The M3 had its roots in the early 1980s, when BMW Motorsport engine guru Paul Rosche sliced two cylinders off the M1 sports car’s straight-six powerplant to create a 16-valve four pot. What became the S14B23 engine found its way into a new car designed at BMW Motorsport with competition at the forefront of its mind. So much so that few panels, apart from the roof and the doors, were carried over from a standard E30 shell.
The car was launched at the Frankfurt show in 1985 and the production of 5000 cars, necessary for Group A homologation, was completed for the 1987 season. It wasn’t aimed at the top class of touring car racing, but the secondary division.
Yet so good was this class contender that on its day it could beat the Ford Sierra RS Cosworth outright. In the World Rally Championship it even beat four-wheel-drive machinery – witness Bernard Béguin’s famous 1987 Tour de Corse victory.
The arrival of the M3 coincided with what turned out to be a one-off season for the original World Touring Car Championship. The ‘Bimmer’ won outright four times over the course of the season — not counting the victory in the Monza opener lost in the scrutineering bay to a roof metal thickness snag — and Roberto Ravaglia claimed the title.
“Everything to build one came in crates, down to the last washer”
It was the first of many for both the M3 and Ravaglia. The Italian was at the vanguard of BMW’s campaigns with the car, sealing his place as one of the all-time touring car greats with a further four titles across the European Touring Car Championship, the DTM and Italian Superturismo.
But the M3 deserves its place as one of history’s greatest touring cars for more than just the successes it garnered, in the hands of factory teams such as Schnitzer, Bigazzi and CiBiEmme. The car was also a bedrock of the privateer racing scene.

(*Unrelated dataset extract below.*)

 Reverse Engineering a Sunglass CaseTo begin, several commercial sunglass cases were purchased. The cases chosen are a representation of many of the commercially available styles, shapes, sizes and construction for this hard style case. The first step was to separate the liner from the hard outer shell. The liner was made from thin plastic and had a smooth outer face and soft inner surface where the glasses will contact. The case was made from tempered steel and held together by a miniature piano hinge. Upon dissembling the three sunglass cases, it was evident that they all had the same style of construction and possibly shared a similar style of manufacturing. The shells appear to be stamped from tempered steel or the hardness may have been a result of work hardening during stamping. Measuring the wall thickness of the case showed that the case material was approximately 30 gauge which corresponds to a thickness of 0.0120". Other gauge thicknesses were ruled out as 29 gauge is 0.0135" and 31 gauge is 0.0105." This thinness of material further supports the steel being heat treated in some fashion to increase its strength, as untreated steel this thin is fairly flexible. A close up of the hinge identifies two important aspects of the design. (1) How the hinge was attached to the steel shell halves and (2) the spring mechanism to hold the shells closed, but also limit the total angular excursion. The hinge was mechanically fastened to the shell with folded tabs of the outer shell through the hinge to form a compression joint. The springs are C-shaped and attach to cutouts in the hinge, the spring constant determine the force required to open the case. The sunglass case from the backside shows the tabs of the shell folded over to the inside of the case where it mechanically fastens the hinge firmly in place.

The M3 wasn’t quite an off-the-peg racer, more a kind of Airfix kit without the decals. Everything else for a team to build up a winning touring car arrived in crates from Munich along with a bare shell.
“The kit came with everything down to the last washer,” remembers Malcolm Swetnam, team manager on the Prodrive-run BMW squad that won the 1988 BTCC title with Frank Sytner. “And woe betide you if there was a washer left over at the end. You’d have to find where that washer went. It was ruthlessly efficient, typically German.”

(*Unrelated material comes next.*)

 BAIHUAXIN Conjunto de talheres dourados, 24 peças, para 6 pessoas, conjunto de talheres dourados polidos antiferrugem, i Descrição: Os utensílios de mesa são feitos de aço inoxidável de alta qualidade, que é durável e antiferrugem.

BMW improved the M3 over time, always with racing in mind, with a trio of evo versions culminating in the Sport Evolution of 1990. Conceived for the DTM, the engine was taken out to 2.5 litres and big 18-inch wheels were also homologated.
The importance of the M3 stretched into its dotage. It was an important flag in the sand on the creation of the touring car landscape that followed on from Group A. When the category that eventually became known as Super Touring was formulated by the brains of the BTCC for the 1991 season, the M3 in two-litre spec provided much of the field for the fledgling category.
• Price new N/A
• Price now £90-140,000
• Engine 2.3-litre, 16-valve straight-four
• Power 300bhp
• Major titles WTCC (1987), ETCC (1988), DTM (1989), BTCC (1988 & ’91), Italian Superturismo (1987, ’89, ’90 & ’91)
• Verdict Maybe the greatest touring car of all time
The compact rocket is starting to soar in value
It’s hard to imagine a car that embodies the modern classic sector more than the E30 BMW M3. It had all the elements of a future classic; a premium brand, sector-leading performance, and a motor sport heritage.
What was different about the E30 M3 was the timeframe in which the model came to the fore – prices started to climb at a higher rate than would previously have been expected for a late ’80s/early ’90s model that wasn’t a Ferrari. What is unusual in the current market, where some prices have cooled, is that last October a fully restored M3 with immaculate history sold at auction for £135,000 – the highest price for a road going E30 M3 for the past five years and smashing the reserve of £85-95,000.
Examples of race-spec M3s at auction are a little rarer than road-going ones. However, far and away the highest price paid recently at auction for an E30 M3 (road or race) was the car used by Tim Harvey during the 1991 British Touring Car Championship.
It failed to sell when previously offered in 2011, with an estimate of £86-100,000. But in 2017 it went for a final sum of £146,250.
Another surprise in the E30 market is that the prices are far and away higher than those experienced in 2014 and 2015.